## Work to complete
Take the line with "2、可以使用AI换衣、AI換脸、AI换背景等模板" as the first and the last line of the data as the end. Write out both and every line between exactly, except pictures.

Raw data START

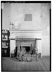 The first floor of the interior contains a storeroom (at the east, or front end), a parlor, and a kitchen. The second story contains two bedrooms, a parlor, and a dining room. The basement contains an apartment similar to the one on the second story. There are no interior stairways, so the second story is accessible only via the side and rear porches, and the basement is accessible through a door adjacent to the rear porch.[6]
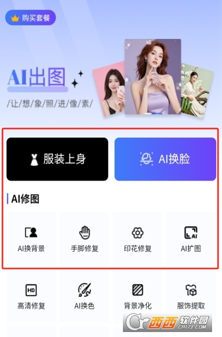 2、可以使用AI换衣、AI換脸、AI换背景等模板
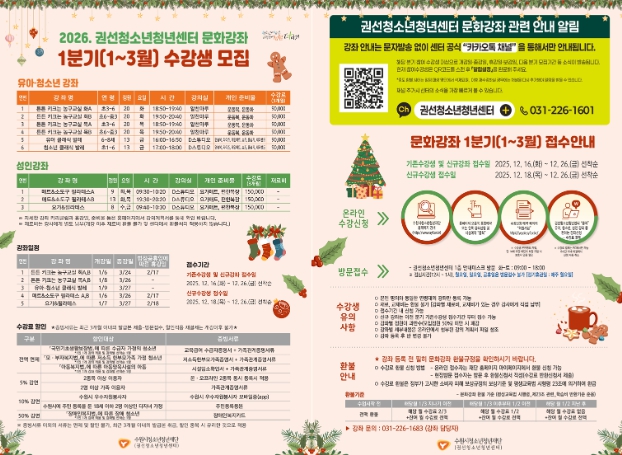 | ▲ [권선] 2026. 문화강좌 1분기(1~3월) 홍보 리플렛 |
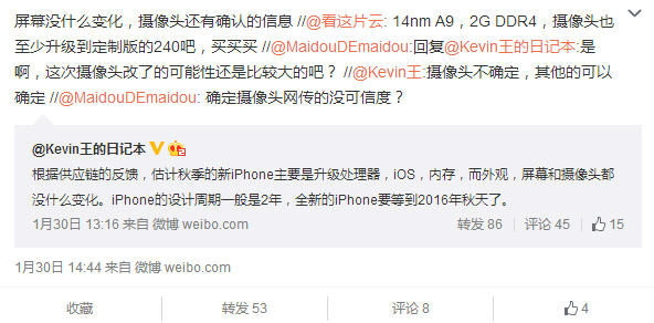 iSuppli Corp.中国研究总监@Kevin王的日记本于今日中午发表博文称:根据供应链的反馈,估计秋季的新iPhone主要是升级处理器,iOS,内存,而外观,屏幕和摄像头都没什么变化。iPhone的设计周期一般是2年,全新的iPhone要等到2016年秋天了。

Raw data END

## Exercise response
 2、可以使用AI换衣、AI換脸、AI换背景等模板
 | ▲ [권선] 2026. 문화강좌 1분기(1~3월) 홍보 리플렛 |
 iSuppli Corp.中国研究总监@Kevin王的日记本于今日中午发表博文称:根据供应链的反馈,估计秋季的新iPhone主要是升级处理器,iOS,内存,而外观,屏幕和摄像头都没什么变化。iPhone的设计周期一般是2年,全新的iPhone要等到2016年秋天了。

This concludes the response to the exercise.